Proof: Thinking of $\mathrm{Tribes}_n = \mathrm{Tribes}_{w,s}$ as a voting rule, voter $i$ is pivotal if and only if: a) all other voters in $i$’s “tribe” vote $-1$ ($\mathsf{True}$); b) all other tribes produce the outcome $1$ ($\mathsf{False}$). The probability of this is indeed $2^{-(w-1)} \cdot (1-2^{-w})^{s-1} = \tfrac{2}{2^w - 1} \cdot \mathop{\bf Pr}[\mathrm{Tribes}_n = 1] = \tfrac{\ln n}{n}(1\pm o(1)),$ where we used Fact 10 and then Proposition 12. $\Box$

Thus if we are interested in (essentially) unbiased voting rules in which every voter has small influence, $\mathrm{Tribes}_n$ is a much stronger example than $\mathrm{Maj}_n$ where each voter has influence $\Theta(1/\sqrt{n})$. You may wonder if the maximum influence can be even smaller than $\Theta\bigl(\frac{\ln n}{n}\bigr)$ for unbiased voting rules.
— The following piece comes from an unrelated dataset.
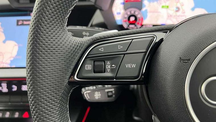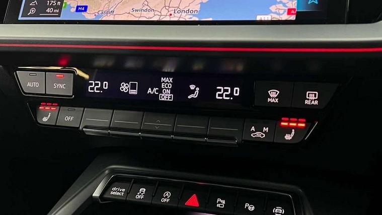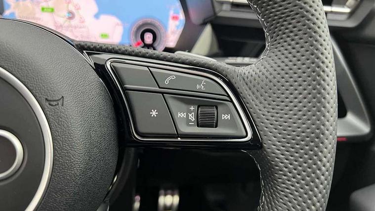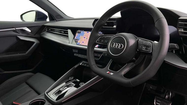 Adjustable speed limiter, Audi drive select, Audi smartphone interface with app store includes wireless Apple carplay, Android auto and Amazon alexa integration, Audi virtual cockpit plus - 12.3" full HD resolution dynamic digital instrument cluster, Automatic start/stop system with recuperation, Bluetooth interface, Camera based traffic sign recognition, Collision avoidance assistant, Cruise control, Distraction and Fatigue warning, e-Call (emergency call), Electromechanical power speed sensitive steering, Emergency assist, Lane departure warning system, MMI Navigation Plus with high resolution 10.1" colour touch screen display, Park Assist with parking system Plus, Service indicator, Tailgate, Trip computer, Voice control system with natural language interaction, Sports suspension, Audi Phonebox light with wireless charging, Audi sound system - 10 loudspeakers including centre loudspeaker and subwoofer, DAB Digital radio, USB ports with charging function in the rear, Acoustic glass windscreen, All weather light, Aluminium window trim, Auto dimming frameless rear view mirror, Automatic dynamic range control, Body colour exterior mirrors, Chrome exhaust tailpipes, Dipped beam, main beam, position light and turning light, Electrically adjustable/heated/folding/auto dimming door mirrors with integrated LED indications + kerb view function for passenger side, Exterior model badging, Front and rear side air inlets in grained matt black with dark liquid chrome frame, Front electric windows, Front radiator grill in high gloss dark chrome, Heat insulating glass windscreen, Illuminated door sills with aluminium inserts at the front with S logo, Intersection light, LED 3rd brake light, LED brake lights, LED daytime running x3, LED headlights with LED rear lights and dynamic rear indicators, LED rear number plate lights, LED reverse light, LED tail lights, Light and rain sensors, Manoeuvring light, Motorway light, Privacy glass - dark tinted rear window, rear door and side windows, Rear diffuser and grill in grained matt black with inlay in dark liquid chrome, Rear electric windows, Rear side wing doors, Rear wiper, S line bumpers, S roof spoiler, Side S line emblems on front wings, Side sill trim in dark liquid chrome, Static Cornering lights, 12V socket and storage compartment in front centre console, 3 seat bench in 2nd row, 3 spoke flat bottomed leather multifunction sport steering wheel with gear shift paddles, 3-zone deluxe automatic air conditioning, 4 way electrically adjustable lumbar support for driver and front passenger, 40/20/40 split folding rear seat bench, Black cloth headlining, Black front and rear floor mats, Front and rear centre armrest in artificial leather with contrasting stitching on armrests and instrument panel, Front and rear headrests, Heated front seats, Height and reach adjustable steering wheel, Manual boot compartment lid, Manually adjustable front seats, Rear centre armrest with cupholder, S badging on the steering wheel, Seat side bolsters, Single front passenger seat, Stainless steel pedals and front footrest in black, Twin leather upholstery with front sports seats S embossed logo, Aluminium interior elements pack - A3, Multi-coloured LED interior lighting package with Multi-coloured contour lighting of instrument panel - A3, 3x3 point rear seat belts, Driver and front passenger airbag with passenger airbag deactivation, Electronic Stabilisation Control (ESC) including ABS, ASR and EDL, First aid kit with warning triangle and 2 safety vests, Front side airbags with head airbags and interaction airbag, Hill hold assist, Pre-sense front with pedestrian and cyclist detection, Seatbelt monitoring, Tyre pressure loss indicator, Anti theft alarm, Anti-theft wheel bolts, Electronically operated child locks, Immobiliser, Remote central locking with safelock, Black dashboard, Inlay in dark aluminium spectrum,

Certainly it can’t be smaller than $\frac{1}{n}$, since the Poincaré inequality says that $\mathbf{I}[f] \geq 1$ for unbiased $f$. In fact the famous KKL Theorem shows that the $\mathrm{Tribes}_n$ example is tight up to constants:

Kahn–Kalai–Linial (KKL) Theorem For any $f : \{-1,1\}^n \to \{-1,1\}$, $\max_{i \in [n]} \{\mathbf{Inf}_i[f] \} \geq \mathop{\bf Var}[f] \cdot \Omega\Bigl(\frac{\log n}{n}\Bigr).$

We prove the KKL Theorem in Chapter 10.

We conclude this section by recording a formula for the Fourier coefficients of $\mathrm{Tribes}_{w,s}$. The proof is an exercise.
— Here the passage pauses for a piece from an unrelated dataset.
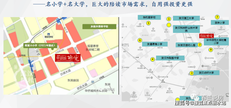 6、 陪读租赁需求高区:华师附小、外国语学校、武汉大学、武汉纺织大学等各类名校汇聚,巨大的陪读市场需求

Proposition 14 Suppose we index the Fourier coefficients of $\mathrm{Tribes}_{w,s} \{-1,1\}^{sw} \to \{-1,1\}$ by sets $T = (T_1, \dots, T_s) \subseteq [sw]$, where $T_i$ is the intersection of $T$ with the $i$th “tribe”. Then $\widehat{\mathrm{Tribes}_{w,s}}(T) = \begin{cases} 2(1-2^{-w})^s - 1 & \text{if T = \emptyset,} \\ 2(-1)^{k + |T|}2^{-kw} (1-2^{-w})^{s-k} & \text{if k = \#\{i : T_i \neq \emptyset\} > 0.} \end{cases}$